▶ The problem
Don't include any picture when you restate the data word for word.

┄┄┄┄┄┄

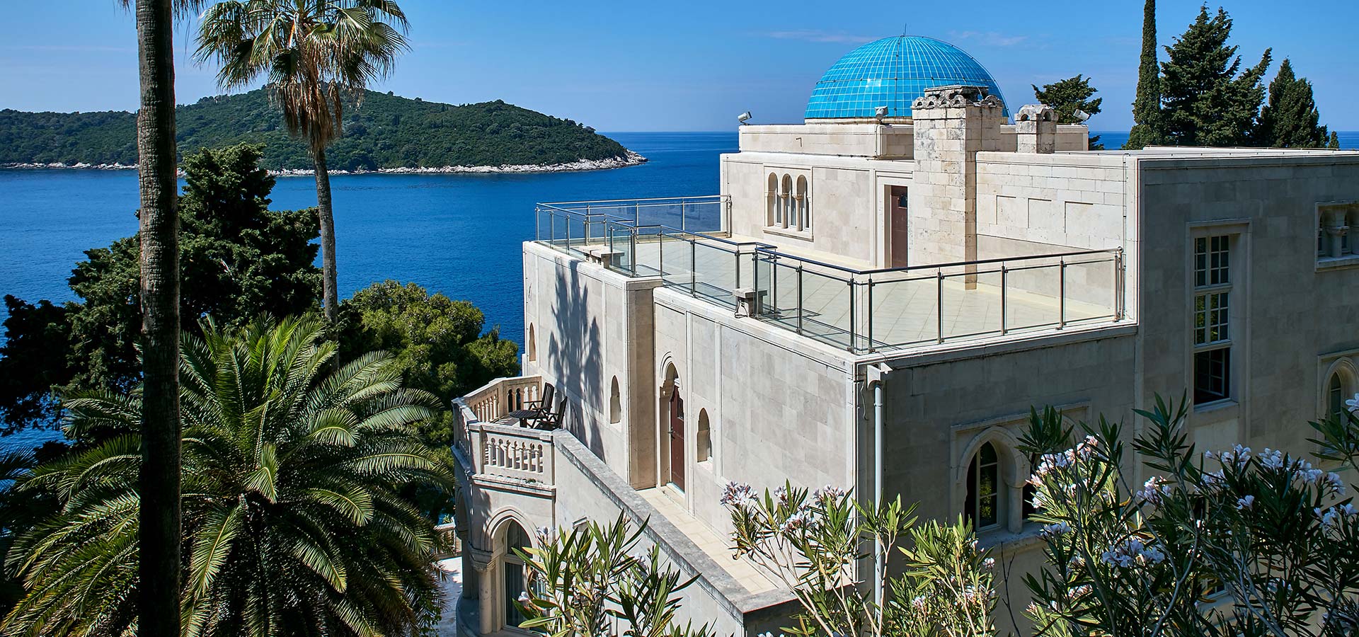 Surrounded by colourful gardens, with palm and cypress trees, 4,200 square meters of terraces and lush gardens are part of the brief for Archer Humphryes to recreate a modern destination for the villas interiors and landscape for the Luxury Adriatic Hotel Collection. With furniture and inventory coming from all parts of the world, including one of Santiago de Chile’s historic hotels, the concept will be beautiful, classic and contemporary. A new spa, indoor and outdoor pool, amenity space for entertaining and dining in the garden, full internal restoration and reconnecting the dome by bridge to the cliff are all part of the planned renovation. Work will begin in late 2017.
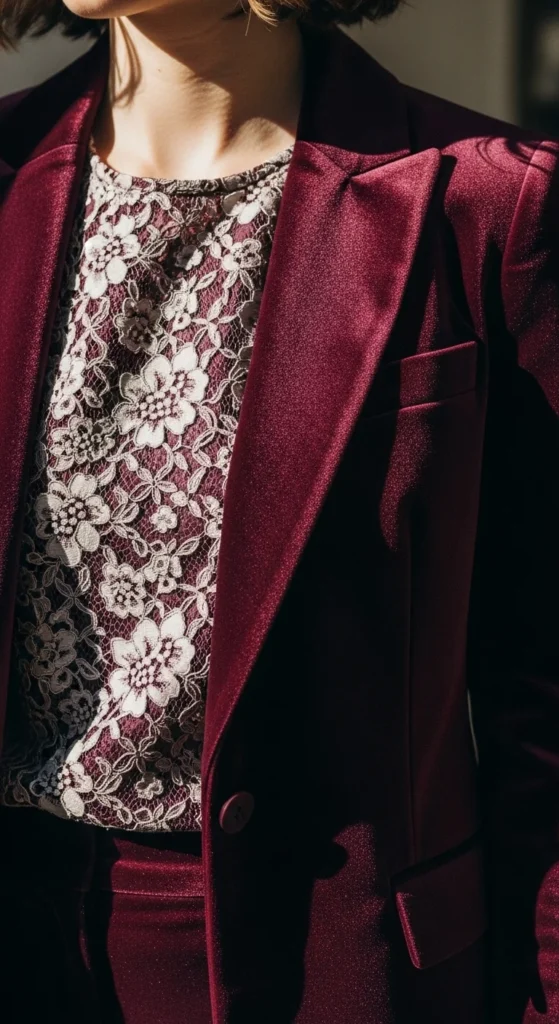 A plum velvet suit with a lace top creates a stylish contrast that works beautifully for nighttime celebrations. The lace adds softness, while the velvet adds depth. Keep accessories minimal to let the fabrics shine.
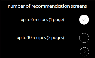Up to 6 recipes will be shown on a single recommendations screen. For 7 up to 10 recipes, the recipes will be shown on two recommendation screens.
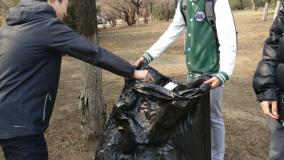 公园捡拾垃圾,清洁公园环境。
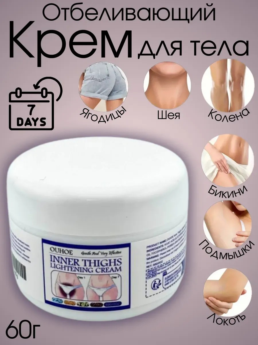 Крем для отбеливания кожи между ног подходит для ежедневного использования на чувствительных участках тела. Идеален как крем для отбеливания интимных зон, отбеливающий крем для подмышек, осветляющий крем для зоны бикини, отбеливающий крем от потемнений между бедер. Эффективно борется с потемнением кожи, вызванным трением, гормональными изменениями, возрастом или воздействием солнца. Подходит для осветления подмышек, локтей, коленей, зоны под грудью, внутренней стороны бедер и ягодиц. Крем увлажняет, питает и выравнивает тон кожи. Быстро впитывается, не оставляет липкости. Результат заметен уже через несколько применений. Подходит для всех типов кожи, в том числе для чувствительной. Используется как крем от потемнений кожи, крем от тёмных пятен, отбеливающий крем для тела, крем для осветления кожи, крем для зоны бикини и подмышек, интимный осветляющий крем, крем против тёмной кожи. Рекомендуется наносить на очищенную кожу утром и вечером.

┄┄┄┄┄┄

▶ Solution below
 Surrounded by colourful gardens, with palm and cypress trees, 4,200 square meters of terraces and lush gardens are part of the brief for Archer Humphryes to recreate a modern destination for the villas interiors and landscape for the Luxury Adriatic Hotel Collection. With furniture and inventory coming from all parts of the world, including one of Santiago de Chile’s historic hotels, the concept will be beautiful, classic and contemporary. A new spa, indoor and outdoor pool, amenity space for entertaining and dining in the garden, full internal restoration and reconnecting the dome by bridge to the cliff are all part of the planned renovation. Work will begin in late 2017.
 A plum velvet suit with a lace top creates a stylish contrast that works beautifully for nighttime celebrations. The lace adds softness, while the velvet adds depth. Keep accessories minimal to let the fabrics shine.
Up to 6 recipes will be shown on a single recommendations screen. For 7 up to 10 recipes, the recipes will be shown on two recommendation screens.
 公园捡拾垃圾,清洁公园环境。
 Крем для отбеливания кожи между ног подходит для ежедневного использования на чувствительных участках тела. Идеален как крем для отбеливания интимных зон, отбеливающий крем для подмышек, осветляющий крем для зоны бикини, отбеливающий крем от потемнений между бедер. Эффективно борется с потемнением кожи, вызванным трением, гормональными изменениями, возрастом или воздействием солнца. Подходит для осветления подмышек, локтей, коленей, зоны под грудью, внутренней стороны бедер и ягодиц. Крем увлажняет, питает и выравнивает тон кожи. Быстро впитывается, не оставляет липкости. Результат заметен уже через несколько применений. Подходит для всех типов кожи, в том числе для чувствительной. Используется как крем от потемнений кожи, крем от тёмных пятен, отбеливающий крем для тела, крем для осветления кожи, крем для зоны бикини и подмышек, интимный осветляющий крем, крем против тёмной кожи. Рекомендуется наносить на очищенную кожу утром и вечером.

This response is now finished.